*Description of the task*: Please repeat the lines below, exactly and only, from the one that holds "Od roka do žlikrofov" through the one that holds "Glasbeno društvo Frekvenca".

*Data for processing*:
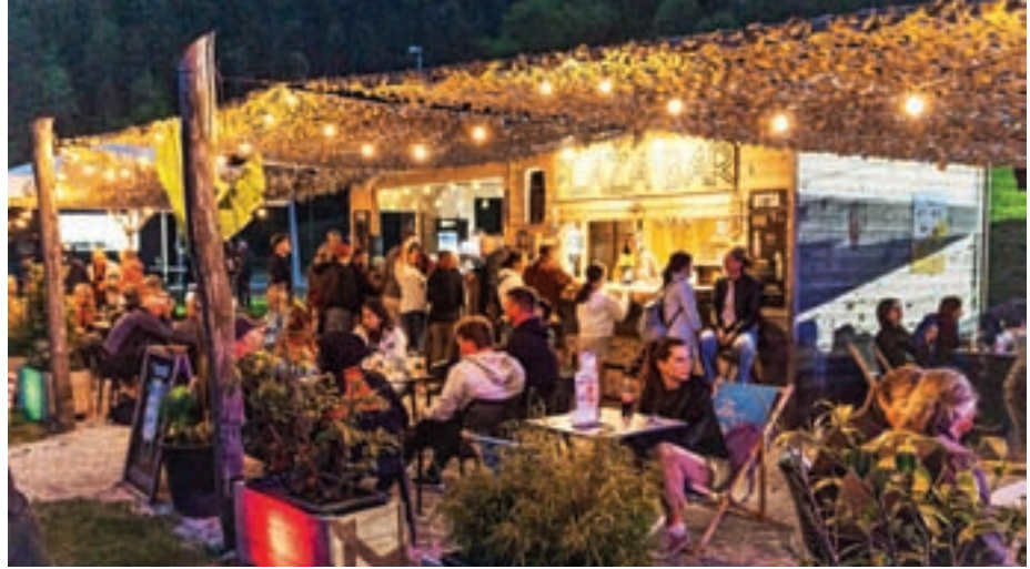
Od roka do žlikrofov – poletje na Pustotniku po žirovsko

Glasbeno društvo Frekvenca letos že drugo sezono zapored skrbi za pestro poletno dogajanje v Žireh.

* * *

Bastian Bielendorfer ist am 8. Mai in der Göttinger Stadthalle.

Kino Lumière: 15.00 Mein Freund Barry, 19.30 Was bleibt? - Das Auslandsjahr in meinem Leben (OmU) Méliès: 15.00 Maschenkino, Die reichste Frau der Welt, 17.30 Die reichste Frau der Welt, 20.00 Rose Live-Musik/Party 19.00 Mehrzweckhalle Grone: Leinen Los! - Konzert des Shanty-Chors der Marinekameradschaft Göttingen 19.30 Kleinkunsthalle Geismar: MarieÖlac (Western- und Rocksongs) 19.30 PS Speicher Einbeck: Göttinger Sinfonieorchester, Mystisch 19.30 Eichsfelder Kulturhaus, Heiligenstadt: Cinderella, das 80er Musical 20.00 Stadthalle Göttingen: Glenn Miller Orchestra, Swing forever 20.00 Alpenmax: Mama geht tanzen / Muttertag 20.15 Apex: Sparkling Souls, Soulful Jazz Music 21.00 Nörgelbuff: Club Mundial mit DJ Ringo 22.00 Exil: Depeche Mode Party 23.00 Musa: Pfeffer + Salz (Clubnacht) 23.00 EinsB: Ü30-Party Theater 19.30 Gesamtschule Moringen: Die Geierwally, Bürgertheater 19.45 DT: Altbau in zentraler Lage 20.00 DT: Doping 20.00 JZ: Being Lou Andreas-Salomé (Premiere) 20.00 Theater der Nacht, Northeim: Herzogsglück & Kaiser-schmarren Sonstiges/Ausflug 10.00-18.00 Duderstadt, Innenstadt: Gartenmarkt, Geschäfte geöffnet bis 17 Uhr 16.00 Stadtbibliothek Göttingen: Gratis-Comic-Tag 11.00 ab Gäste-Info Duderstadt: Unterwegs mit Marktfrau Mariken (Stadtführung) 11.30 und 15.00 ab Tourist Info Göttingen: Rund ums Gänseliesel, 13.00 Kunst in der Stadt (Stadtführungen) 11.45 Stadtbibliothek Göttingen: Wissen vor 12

*Answer to the exercise*:
Od roka do žlikrofov – poletje na Pustotniku po žirovsko

Glasbeno društvo Frekvenca letos že drugo sezono zapored skrbi za pestro poletno dogajanje v Žireh.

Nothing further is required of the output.